*** Opening Input data ***

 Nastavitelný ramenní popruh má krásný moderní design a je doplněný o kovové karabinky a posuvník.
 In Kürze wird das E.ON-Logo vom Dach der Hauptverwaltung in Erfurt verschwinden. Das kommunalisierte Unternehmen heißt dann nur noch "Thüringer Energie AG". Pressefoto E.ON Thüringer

*** Closing Input data ***
*** Opening Input data ***

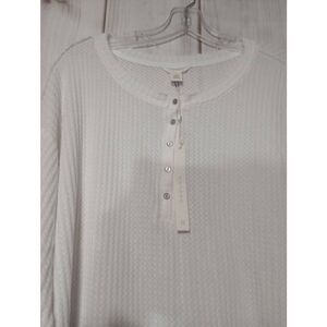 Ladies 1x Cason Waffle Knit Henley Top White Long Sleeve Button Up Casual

*** Closing Input data ***

= Task item =
What is needed is a verbatim copy of every line in the records above from the one containing "Nastavitelný ramenní popruh" down to the one containing "In Kürze wird", both included, and nothing more.

= Result of this task =
 Nastavitelný ramenní popruh má krásný moderní design a je doplněný o kovové karabinky a posuvník.
 In Kürze wird das E.ON-Logo vom Dach der Hauptverwaltung in Erfurt verschwinden. Das kommunalisierte Unternehmen heißt dann nur noch "Thüringer Energie AG". Pressefoto E.ON Thüringer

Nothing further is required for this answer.